Le même constat a été fait par les populations concernant un bâtiment du CHP de Dapaong toujours inachevé, alors que les entreprises étaient sensées le faire, selon le caneva du temps fixé et de l’enveloppe allouée, en conséquence.

Le contribuable qui ne maitrise pas sa responsabilité

Dans la plupart des cas, les ouvrages non ou mal réalisés dans la région des savanes restent en l’état, au nez et à la barbe des bénéficiaires, exception faite de la digue de Sidiki dont les travaux ont été repris. Si sous d’autres cieux les entreprises sont souvent sommés de reprendre les travaux, c’est loin d’être le cas au Togo. Pire, il est constaté que les mêmes entreprises se voient confier d’autres marchés, sans la moindre sanction. Le silence du gouvernement, celui des autorités locales et des bénéficiaires, interroge la responsabilité de chacun d’eux face à cette situation. « Parfois nous sommes surpris. La signature de la convention de passation des marchés se fait très souvent à Lomé à notre insu. On les voit seulement un matin venir commencer par travailler sans avoir été informé » s’indigne un élu local.  » « Dans ces conditions, quel pouvoir avons-nous pour exiger d’eux quoi que ce soit ? », S’interroge-t-il. Les populations bénéficiaires qui devraient jouer le rôle de veille citoyenne semblent ignorer ce devoir qui les incombe.  » Ils ne connaissent pas en majorité leur rôle. Et s’ils sont les premiers à quémander un peu de ciment pour réparer un mur fissuré, que feront-ils si les maçons détournent du ciment ? Ce sont des agissements pareils qui ont conduit Ebomaf à nous construire des routes biodégradables » s’indigne Etienne Gouyanani, défenseur des droits de l’homme. La responsabilité est donc partagée entre les maitres d’ouvrages, les bénéficiaires et les bureaux de contrôle.

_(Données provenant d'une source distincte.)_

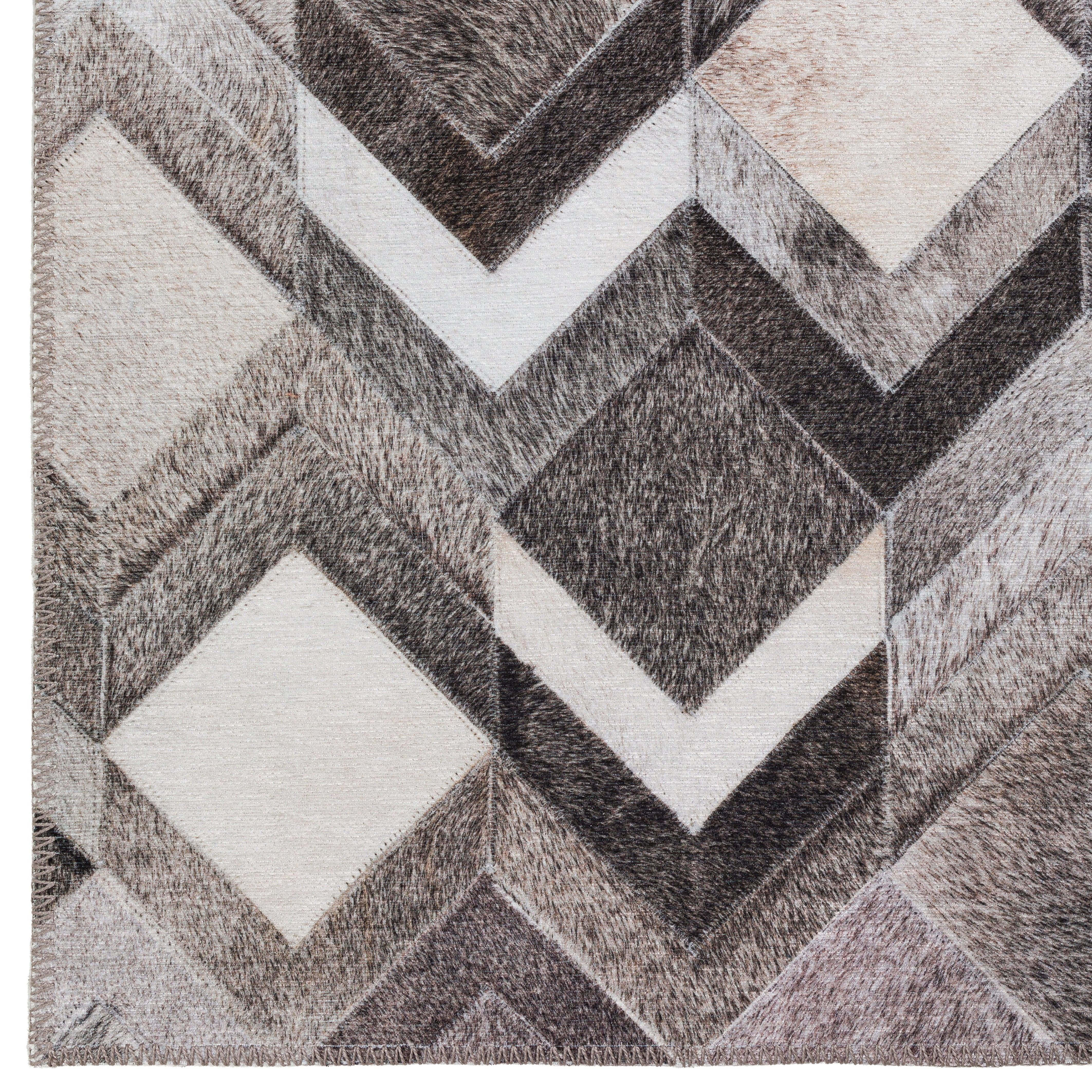 Durango SS5 Flannel, a stunning faux hide patchwork rug collection that will impress your guests with its realistic details. This stylish rug showcases neutral colors with captivating gradient movement in various mosaic shapes and patterns. Crafted with an ultra-soft and thin pile made of 100% polyester, each rug is equipped with a non-skid backing for added safety. Meticulously made in the USA using domestic processing on an imported substrate, these rugs are UV Stabilized for both indoor and outdoor use.

Route Oportigou-Dakpante jamais réalisé

A quand la fin ?

Aucune entreprise togolaise n’a jamais été sanctionnée pour mauvaise réalisation des ouvrages. Point n’est nécessaire de citer des exemples. Alors qu’on parle de la vertu dans la gestion de la chose publique, on se demande à quand l’opération mains propres ? Pour certains observateurs, la raison de ce phénomène malsain c’est que la majorité des entrepreneurs de BTP sont des soutiens politiques.  Au Burkina Faso, pour des affaires similaires, le conseil des ministres du jeudi dernier a demandé à l’entreprise en charge de la route de Sakaoinsé de la reprendre, pour mauvaise exécution. Une position exemplaire qui va contribuer à décourager les entrepreneurs indélicats, lorsqu’il s’agit de l’exécution des travaux publics. 

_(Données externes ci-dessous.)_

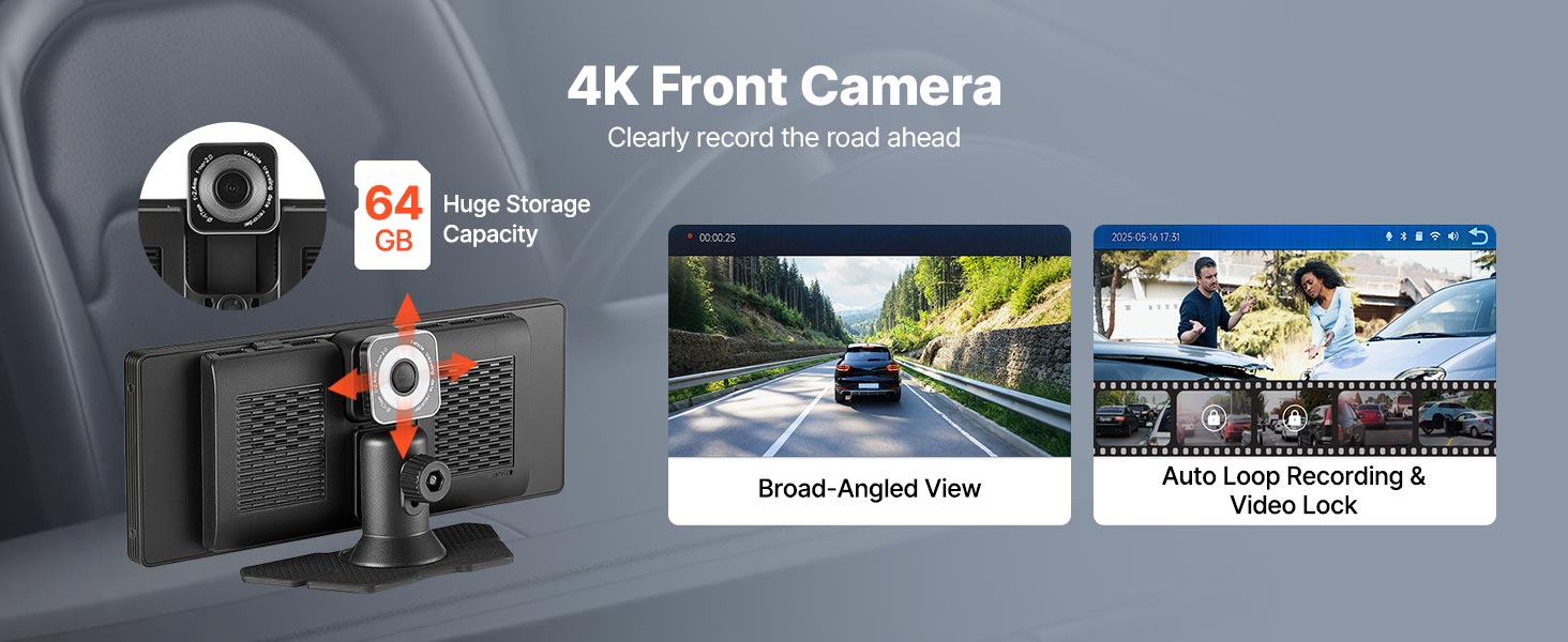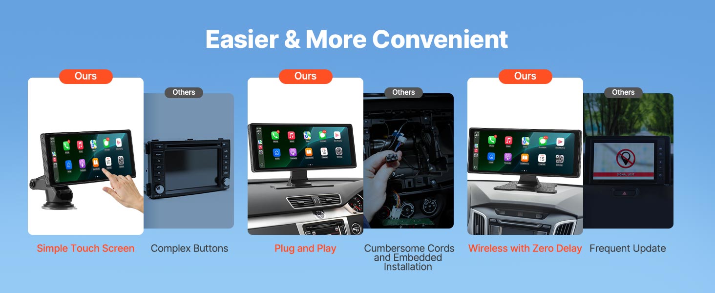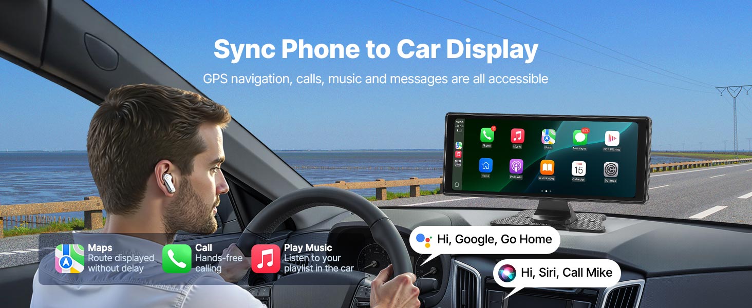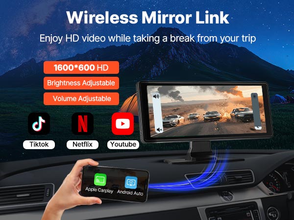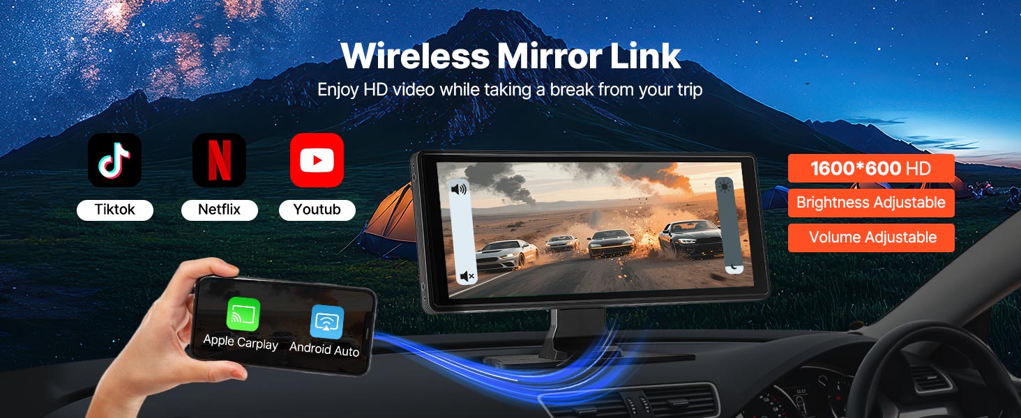 VEVOR Wireless Car Stereo, 254 mm HD Portable Radio Touch Screen with Apple CarPlay and Android Auto, CarPlay Screen with Front & Backup Cameras, Voice Control, Mirror Link, Bluetooth, GPS Navigation

Magasin de céréales abandonné au marché de Dapaong

Alors que la Constitution togolaise donne les pouvoirs au procureur de la république, aux députés et aussi au peuple de demander des éclaircissements lorsqu’il s’agit de la chose publique, dans la région des Savanes, on attendra encore pour longtemps. Les questions d’interpellations ou d’actualité des députés de la région des Savanes sur l’inexécution des infrastructures pourraient contribuer à faire avancer les choses. Mais, attendant ce n’est pas le cas, le peuple attend, et attendra longtemps.